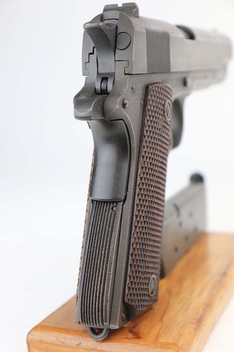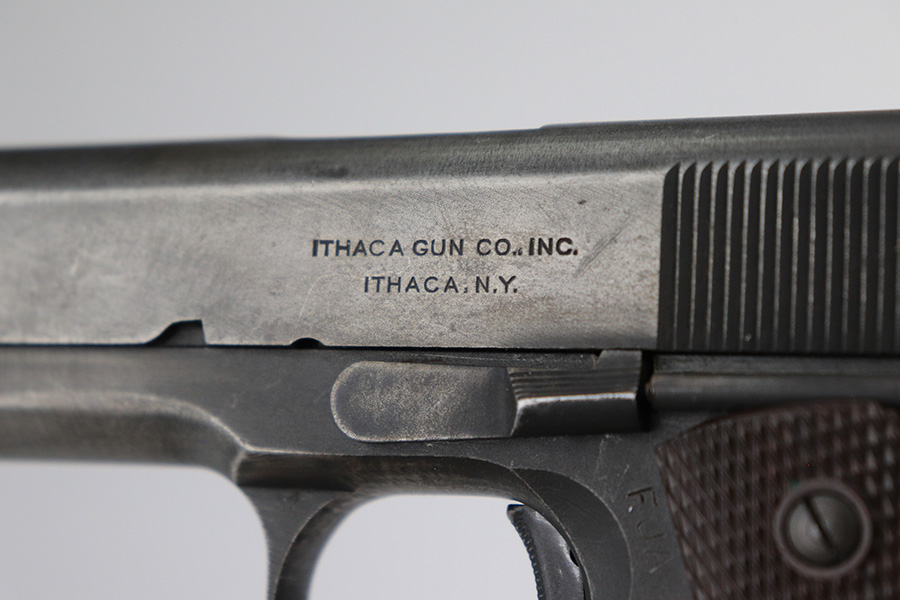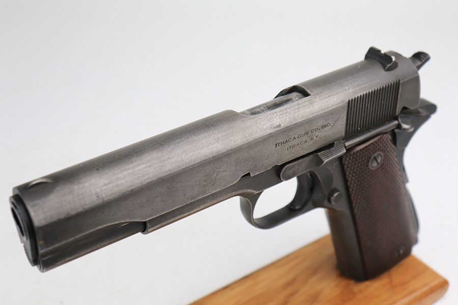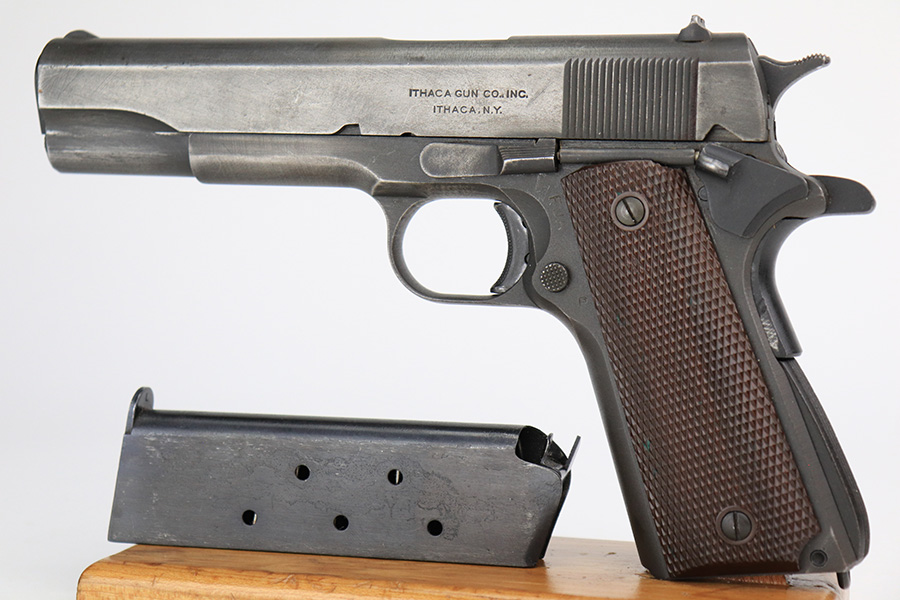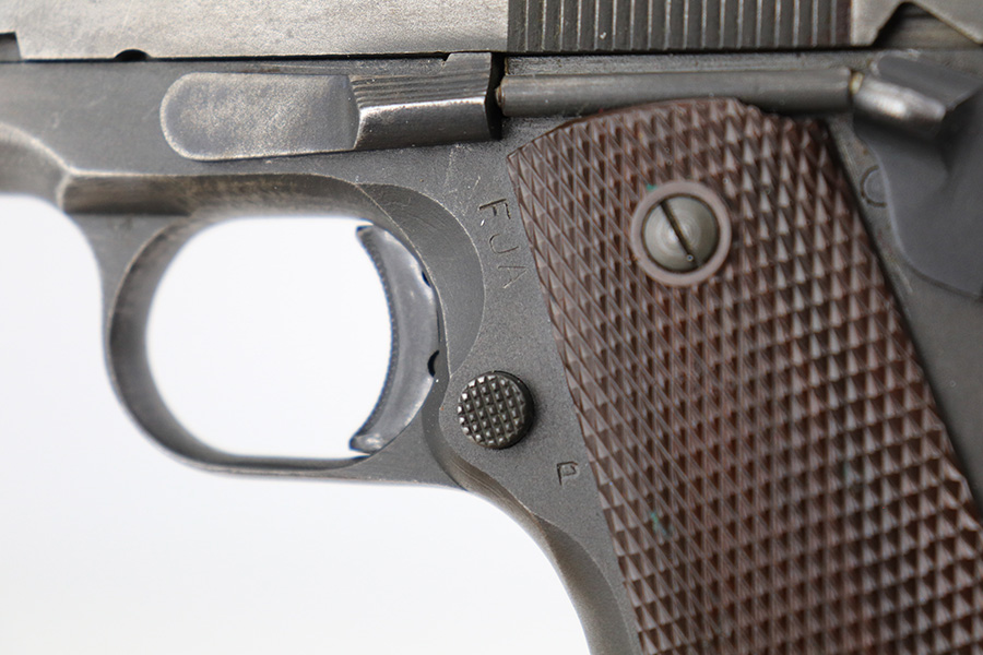 4/26/22 – This is a nice example of an Ithaca Model 1911A1 issued to the US military in 1944. It is “United States Property” marked, has the proper “FJA” inspection initials, and has a cross-canon military cartouche on the left side of the frame. The barrel was made by Flannery. This particular gun has retained roughly 65% of its parkerized finish. There are areas of thinning throughout, most noticeable on both sides of the slide. Minor wear on the high edges in general and around the muzzle. A few tiny dots of oxidation here and there. Comes with excellent period-correct plastic grips and a period-correct “L” marked magazine. Very nice bore with strong rifling and just hints of frosting in the grooves.
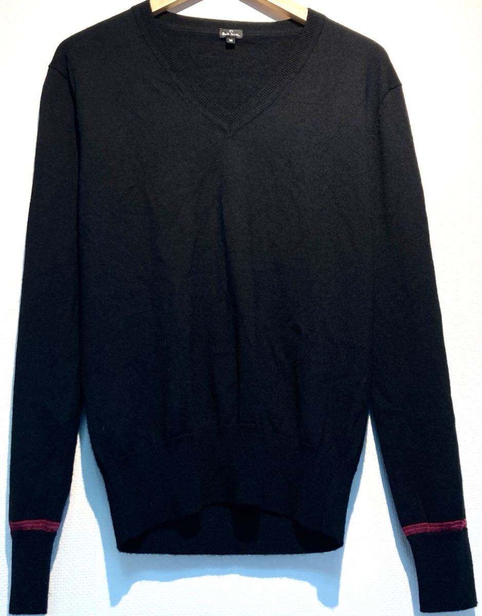 > Paul Smith★ニット★セーター★ラインデザイン★アーム★ショルダー★ウール生地★ポールスミス★定価18,000円★ブラック★黒赤★極美品
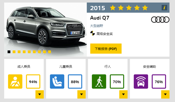 单看IIHS的评级结果,我们没法在同级车中给X5一个排名。E-NCAP的百分比机制正好弥补了这一点。列出BBA竞品车型,三台车评级都是五星,得分是有高低区隔的。如果对成人和儿童保护的百分比算一个均值,奥迪Q7最高、奔驰GLE次之、宝马X5最末。X5的劣势,在偏置碰撞,驾驶员大腿部位保护得了弱,拉低了得分。
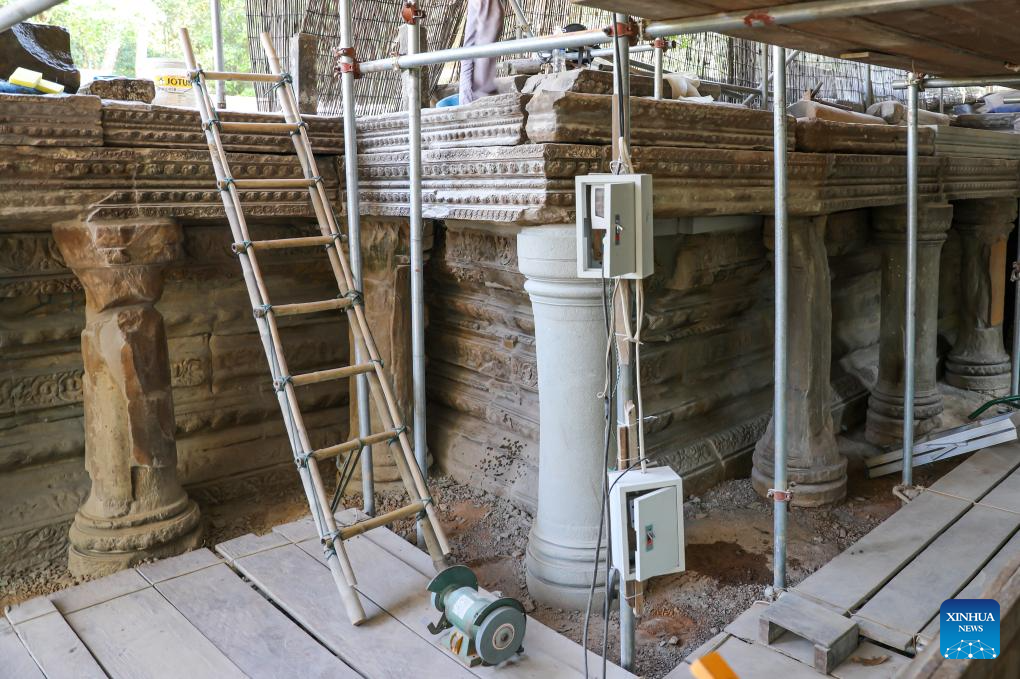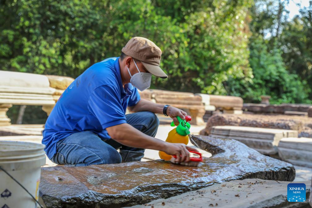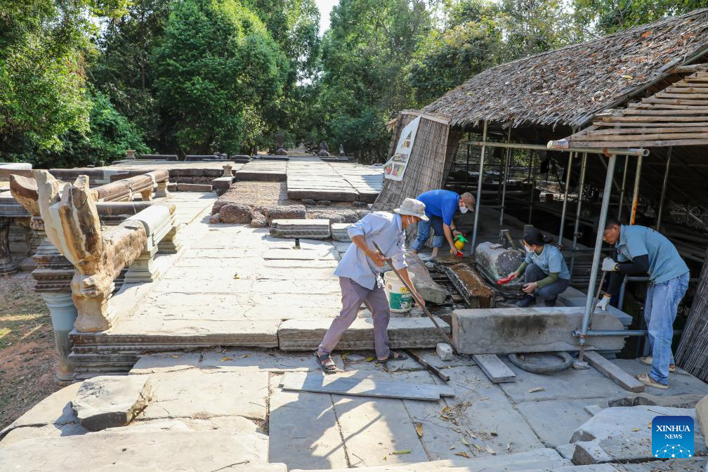A staff member works at the restoration site of ruined Naga balustrades of Banteay Samre temple in Siem Reap province, Cambodia, Feb. 17, 2026. Archaeologists have been undertaking the restoration of the Naga balustrades on the east terrace of Banteay Samre temple in Cambodia's famed Angkor Archaeological Park, the APSARA National Authority (ANA) said in a news release on Tuesday. (ANA/Handout via Xinhua)
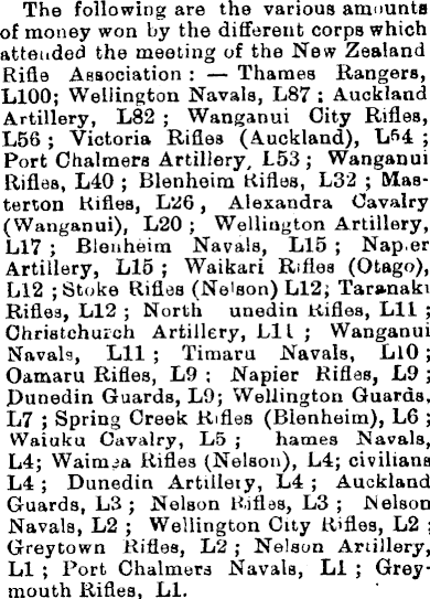 The following are the various amounts of money won by the different corps which attended the meeting of the New Zealand Rifle Association : Thames Rangers, L 100; Wellington Navals, LB7 : Auckland Artillery, LB2 ; Wanganui City Rifles, L 56 ; Victoria Rifles (Auckland), Lf>4 ; Port Chalmers Artillery, L 5 3; Wanganui Rifles, L4O ; Blenheim Rifles, L 32 ; Maaterton Rifles, L 2 6, Alexandra Cavalry (Wanganui), L2O ; Wellington Artillery, Ll 7 ; Blenheim Navals, Ll 5 ; Nap.er Artillery, Ll 5 ; Waikari Rifles (Otago), Ll2 ; Stoke Rifles (Nelson) Ll2; Taranaki Rifles, Ll2 ; North unedin Rifles, Lll ; Christchurch Artillery, LI I ; Wanganui Navals, Lll ; Timaru Navals, LlO; Oamaru Rifles, L 9 ; Napier Rifles, L 9 ; Punedin Guards, L 9; Wellington Guards, L 7 ; Spring Creek Rifles (Blenheim), L 6 ; Waiuku Cavalry, L 5 ; hames Navals, L 4; Waimea Rifles (Nelson), L 4; civilians L 4; Dunedin Artiilety, L 4 ; Auckland Guards, L 3 ; Nelson Rifles, L 3 ; Nelson Navals, L2 ; Wellington City Rifles, L2 ; Greytown Rifles, L2 ; Nelson Artillery, LI ; Port Chalmers Navals, Li ; Greymouth Rifles, LI.
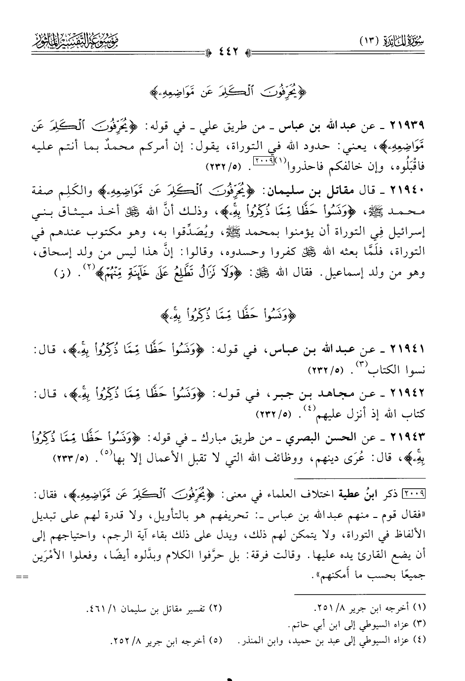 ٢١٩٣٩ - عن عبد الله بن عباس -من طريق علي- في قوله: {يحرفون الكلم عن مواضعه}، يعني: حدود الله في التوراة، يقول: إن أمركم محمدٌ بما أنتم عليه فاقْبَلُوه، وإن خالفكم فاحذروا (¬١) [٢٠٠٩]. (٥/ ٢٣٢)
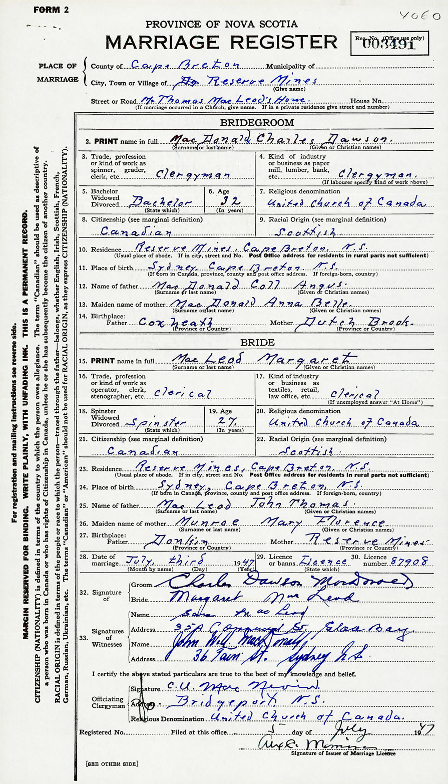 28. Date of marriage July 3 1947 29. By license or banns License 30. License number 87908

**Directions:**
Once the line with "单看IIHS的评级结果,我们" has been found above, output that line and every later line exactly, stopping after the line with "A staff member", and omit the pictures.

**Exercise answer:**
 单看IIHS的评级结果,我们没法在同级车中给X5一个排名。E-NCAP的百分比机制正好弥补了这一点。列出BBA竞品车型,三台车评级都是五星,得分是有高低区隔的。如果对成人和儿童保护的百分比算一个均值,奥迪Q7最高、奔驰GLE次之、宝马X5最末。X5的劣势,在偏置碰撞,驾驶员大腿部位保护得了弱,拉低了得分。
A staff member works at the restoration site of ruined Naga balustrades of Banteay Samre temple in Siem Reap province, Cambodia, Feb. 17, 2026. Archaeologists have been undertaking the restoration of the Naga balustrades on the east terrace of Banteay Samre temple in Cambodia's famed Angkor Archaeological Park, the APSARA National Authority (ANA) said in a news release on Tuesday. (ANA/Handout via Xinhua)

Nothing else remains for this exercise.